= MATERIAL FOR THE TASK =
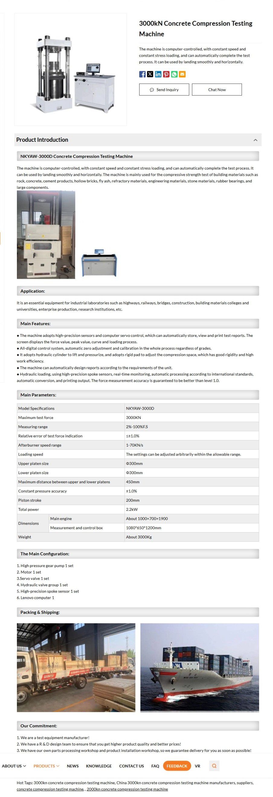 NAKE NKYAW-3000D ເຄື່ອງທົດສອບການອັດຕິດຄອງກັນຂອງຄອງກົດ (3000KN) | EMIN.COM.LA
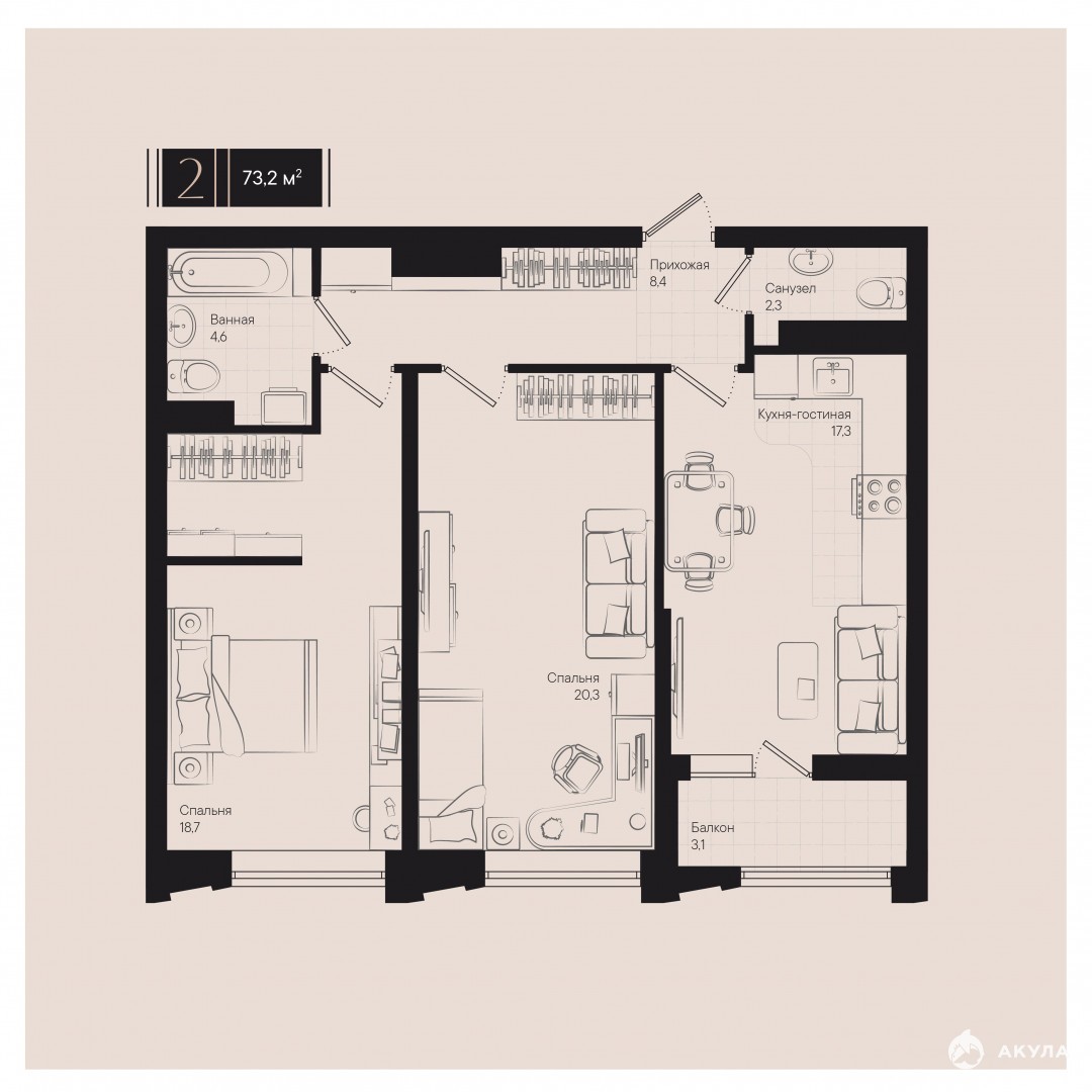 - 73 м²
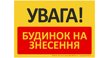 Znak bhp tablica UWAGA! Teren budowy wstęp wzbroniony w języku ukraińskim (T413UA)
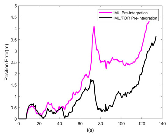 Next, we analyzed the position errors of IMU/PDR pre-integration and traditional IMU pre-integration. The results are shown in Figure 15. The blue error is slightly larger than the red error, 19 s after the start of walking. Subsequently, the blue error gradually becomes better than the red error. At the first turn, the errors of both methods experience a step-like jump, while the IMU/PDR pre-integration method quickly returns to normal. The final position error of the IMU pre-integration method is 4.68 m, while the IMU/PDR pre-integration method is 3.67 m, achieving a 21.6% improvement in positioning accuracy.
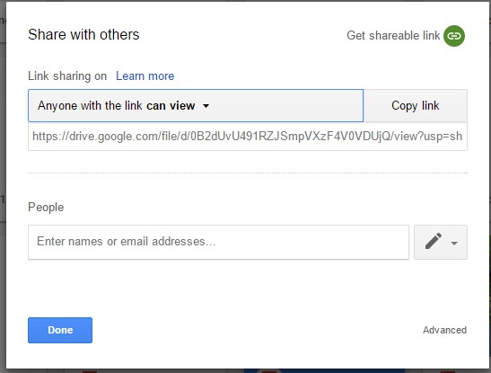 有关更多链接共享选项,请单击共享设置打开下图中的窗口。然后您可以按复制链接按钮将超链接复制到剪贴板。单击知道链接的任何人框以选择文件的访问级别。

= TASK =
Please repeat, with no pictures, each line from the start of the records above through the line with "Next, we analyzed", inclusive, and only those.

= COMPLETED TASK =
 NAKE NKYAW-3000D ເຄື່ອງທົດສອບການອັດຕິດຄອງກັນຂອງຄອງກົດ (3000KN) | EMIN.COM.LA
 - 73 м²
 Znak bhp tablica UWAGA! Teren budowy wstęp wzbroniony w języku ukraińskim (T413UA)
 Next, we analyzed the position errors of IMU/PDR pre-integration and traditional IMU pre-integration. The results are shown in Figure 15. The blue error is slightly larger than the red error, 19 s after the start of walking. Subsequently, the blue error gradually becomes better than the red error. At the first turn, the errors of both methods experience a step-like jump, while the IMU/PDR pre-integration method quickly returns to normal. The final position error of the IMU pre-integration method is 4.68 m, while the IMU/PDR pre-integration method is 3.67 m, achieving a 21.6% improvement in positioning accuracy.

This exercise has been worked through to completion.